Kishanganj maize farmers at wit’s end as elephant herds from Nepal raid standing crop days ahead of harvest

Although such events have occurred in the past too, their frequency has gone up, say forest officials

By Mohd Imran Khan
Published: Tuesday 02 April 2024
Photo for representation: iStock

Herds of wild elephants from Nepal have damaged green standing maize crops of dozens of farmers in Bihar’s Kishanganj district in the last 48 hours. Days ahead of harvesting, the affected farmers said they are worried about the remaining crops and have no means to protect them.

On April 1 and 2, 2024, two separate elephant herds raided maize fields in half a dozen villages in Dighalbank block in the district.

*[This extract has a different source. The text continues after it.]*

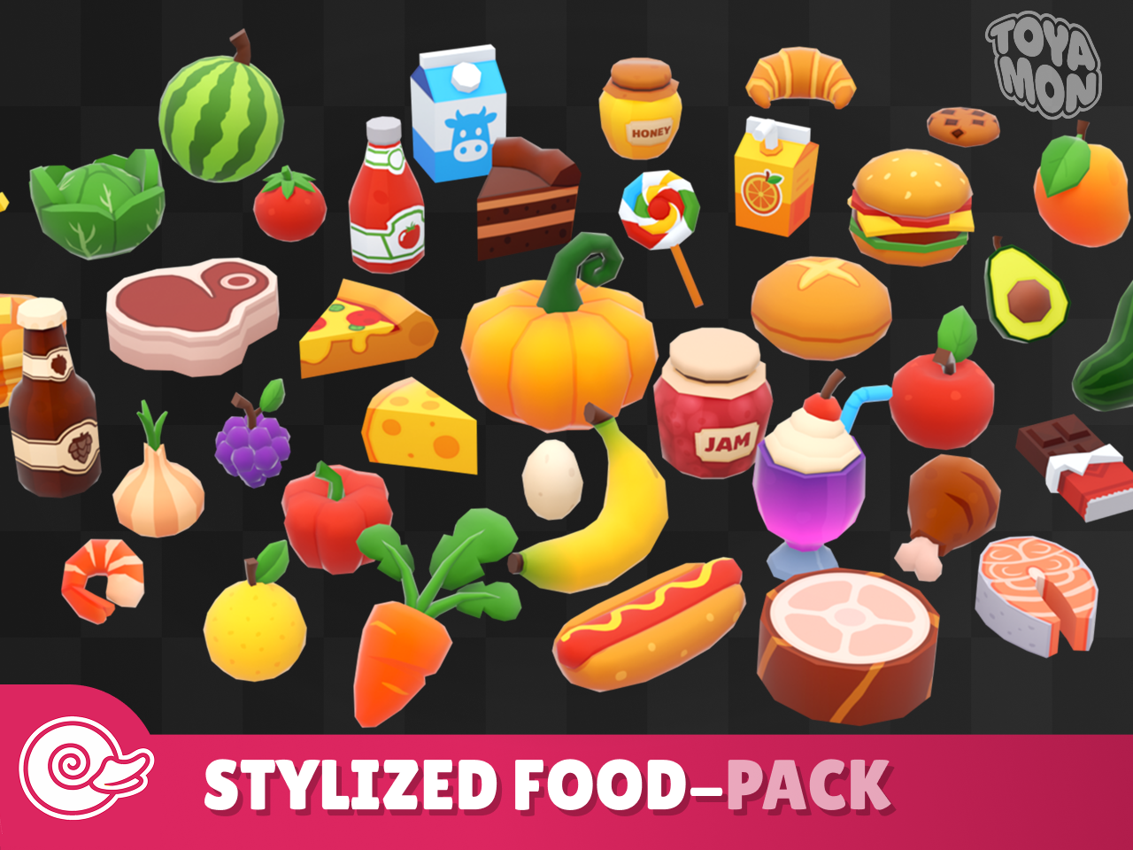 - Stylized Food https://toyamonstudio.itch.io/stylized-food-pack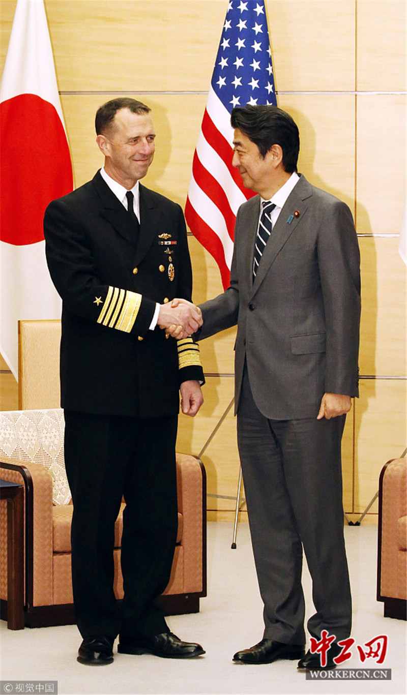当地时间2019年1月17日,日本东京,日本首相安倍晋三会见美国海军作战部长理查森上将。

Noorul Alam, a farmer in Kishanganj, was happy till the end of March with the prospects of a bumper maize harvest this year. But things changed on April 2, when over 2 acres of his standing crop was destroyed by elephants.

“It took more than three months of hard labour to raise the maize crops but right ahead of harvest, the elephants have destroyed everything. 

Alam, who invested a lot of money this season, is now staring at a crisis. “I cannot understand how my family will survive. Maize cultivation is our main source of livelihood. 

The rampage by elephants is posing a major challenge to the farmers and is a matter of great concern, Megha Yadav, divisional forest officer, Araria (Kishanganj is under her jurisdiction) told Down To Earth. Moreover, this is not a one-off incident, she added. “The latest incident of herds of elephants entering farm fields and destroying standing maize crops is not new. This is the 18th such incident in the area in the last three months (90 days).” 

Kishanganj is part of the flood-prone Seemanchal region. Along with Koshi, the region has emerged as a hub of maize cultivation in the last two decades.

Forest officials said the green standing maize plants attract the elephant herds from forests in Nepal. In search of food, the animals enter Doriya, Banswari, Suribhitta, Panchagachi, Dhantola, Jadutola, Tangtangi, Salbari and Lohagarh villages in Dighalbank during maize cultivation period, they added.

Such incidents of plunder have also been recorded in the past – a 200-year-old district gazette revealed that the villages around the border are an old territory of elephants from Nepal, Yadav noted. But they happen more often now, according to Sandip Kumar, a district forest official in Kishanganj. The rampaging elephants killed two people last year, he added. “The incidents of rampage by elephant herds increased in the last two to three years.”

Yadav shared that the pachyderms also damaged over two dozen thatched-roof and tin houses belonging to poor people and injured some local villagers.

The villagers have urged the administration to initiate necessary measures to deal with the problem, fearing more attacks in the future and an increasing threat to lives and property, particularly standing maize crops.

Yadav said that farmers, who are the main victims of the elephant menace, are struggling to get compensation due to a lack of proper land documents. This is because, she added, their farmlands lie in a disputed area on the India-Nepal border, which is considered a ‘no-man’s land’.